[Problem requirements]:
Please output exactly the lines below, starting at the line that has "Хвостик банана нужно" and ending at the line that has "Inspired by 16th", both included; leave out all pictures and include nothing else.

[Materials provided]:
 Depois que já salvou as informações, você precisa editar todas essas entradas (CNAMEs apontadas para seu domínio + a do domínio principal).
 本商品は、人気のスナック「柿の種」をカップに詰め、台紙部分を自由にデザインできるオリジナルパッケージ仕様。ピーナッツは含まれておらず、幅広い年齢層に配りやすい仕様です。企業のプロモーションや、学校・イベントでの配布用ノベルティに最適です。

--

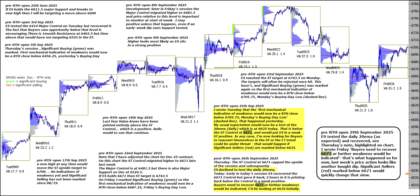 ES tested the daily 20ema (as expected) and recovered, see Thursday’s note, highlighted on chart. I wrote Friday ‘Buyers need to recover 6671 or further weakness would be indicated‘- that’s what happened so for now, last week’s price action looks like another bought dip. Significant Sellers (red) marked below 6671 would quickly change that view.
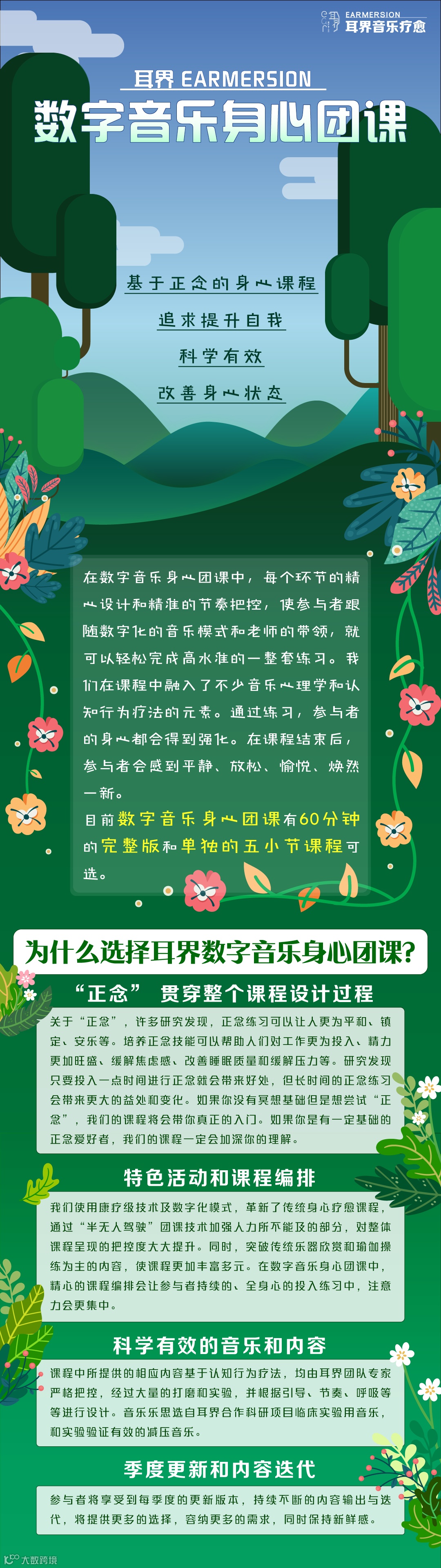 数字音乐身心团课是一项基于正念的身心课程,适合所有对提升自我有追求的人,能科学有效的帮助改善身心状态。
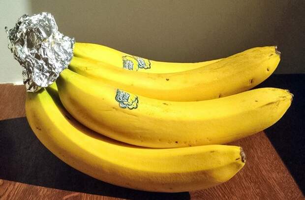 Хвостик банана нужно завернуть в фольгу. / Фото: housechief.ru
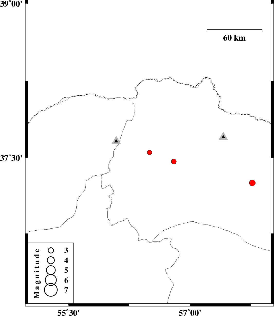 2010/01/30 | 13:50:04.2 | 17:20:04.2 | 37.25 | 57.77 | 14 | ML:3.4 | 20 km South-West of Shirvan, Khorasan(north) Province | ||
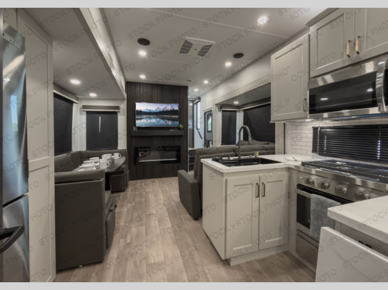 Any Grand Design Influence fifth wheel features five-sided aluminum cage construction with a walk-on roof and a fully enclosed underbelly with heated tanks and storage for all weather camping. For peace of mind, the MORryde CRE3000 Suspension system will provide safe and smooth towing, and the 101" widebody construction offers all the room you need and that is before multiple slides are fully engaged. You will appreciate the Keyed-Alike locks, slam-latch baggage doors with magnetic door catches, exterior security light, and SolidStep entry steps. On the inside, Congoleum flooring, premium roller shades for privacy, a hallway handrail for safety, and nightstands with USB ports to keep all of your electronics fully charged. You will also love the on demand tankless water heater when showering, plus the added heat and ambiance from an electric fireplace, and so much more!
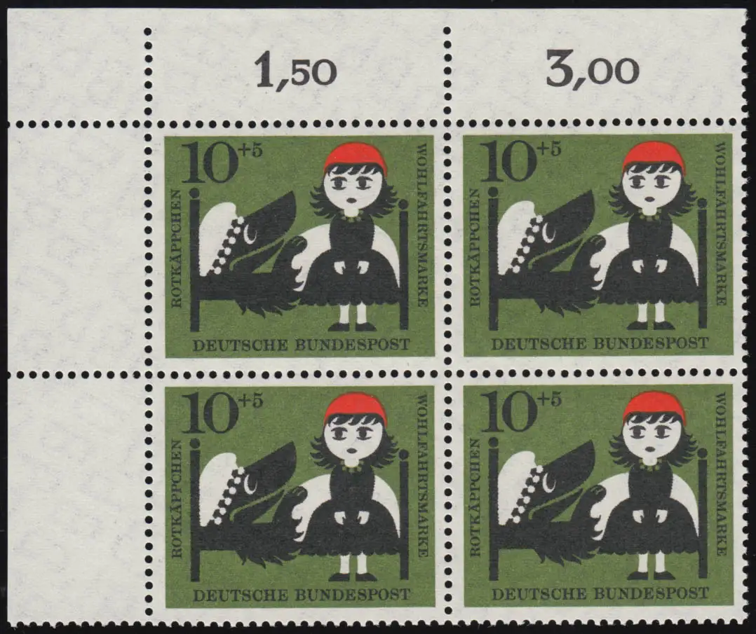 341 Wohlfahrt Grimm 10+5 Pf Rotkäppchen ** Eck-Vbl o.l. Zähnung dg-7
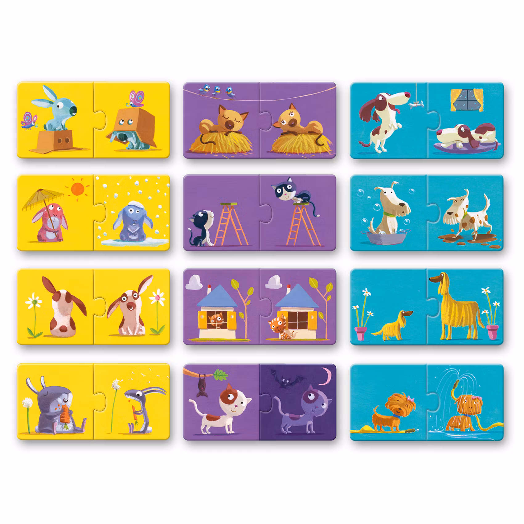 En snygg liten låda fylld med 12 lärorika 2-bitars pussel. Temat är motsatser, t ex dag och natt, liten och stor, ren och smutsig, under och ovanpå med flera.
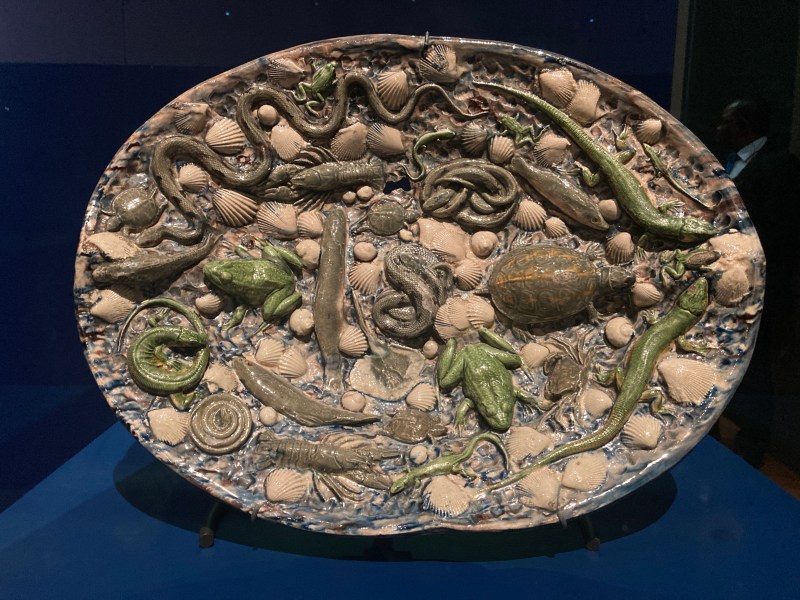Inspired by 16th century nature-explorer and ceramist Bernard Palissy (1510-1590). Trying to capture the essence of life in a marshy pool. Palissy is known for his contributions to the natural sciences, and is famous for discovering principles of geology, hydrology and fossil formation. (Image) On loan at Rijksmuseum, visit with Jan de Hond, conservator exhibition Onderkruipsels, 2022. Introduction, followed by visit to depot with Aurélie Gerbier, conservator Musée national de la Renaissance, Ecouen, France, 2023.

[Response]:
 Хвостик банана нужно завернуть в фольгу. / Фото: housechief.ru
 2010/01/30 | 13:50:04.2 | 17:20:04.2 | 37.25 | 57.77 | 14 | ML:3.4 | 20 km South-West of Shirvan, Khorasan(north) Province | ||
 Any Grand Design Influence fifth wheel features five-sided aluminum cage construction with a walk-on roof and a fully enclosed underbelly with heated tanks and storage for all weather camping. For peace of mind, the MORryde CRE3000 Suspension system will provide safe and smooth towing, and the 101" widebody construction offers all the room you need and that is before multiple slides are fully engaged. You will appreciate the Keyed-Alike locks, slam-latch baggage doors with magnetic door catches, exterior security light, and SolidStep entry steps. On the inside, Congoleum flooring, premium roller shades for privacy, a hallway handrail for safety, and nightstands with USB ports to keep all of your electronics fully charged. You will also love the on demand tankless water heater when showering, plus the added heat and ambiance from an electric fireplace, and so much more!
 341 Wohlfahrt Grimm 10+5 Pf Rotkäppchen ** Eck-Vbl o.l. Zähnung dg-7
 En snygg liten låda fylld med 12 lärorika 2-bitars pussel. Temat är motsatser, t ex dag och natt, liten och stor, ren och smutsig, under och ovanpå med flera.
Inspired by 16th century nature-explorer and ceramist Bernard Palissy (1510-1590). Trying to capture the essence of life in a marshy pool. Palissy is known for his contributions to the natural sciences, and is famous for discovering principles of geology, hydrology and fossil formation. (Image) On loan at Rijksmuseum, visit with Jan de Hond, conservator exhibition Onderkruipsels, 2022. Introduction, followed by visit to depot with Aurélie Gerbier, conservator Musée national de la Renaissance, Ecouen, France, 2023.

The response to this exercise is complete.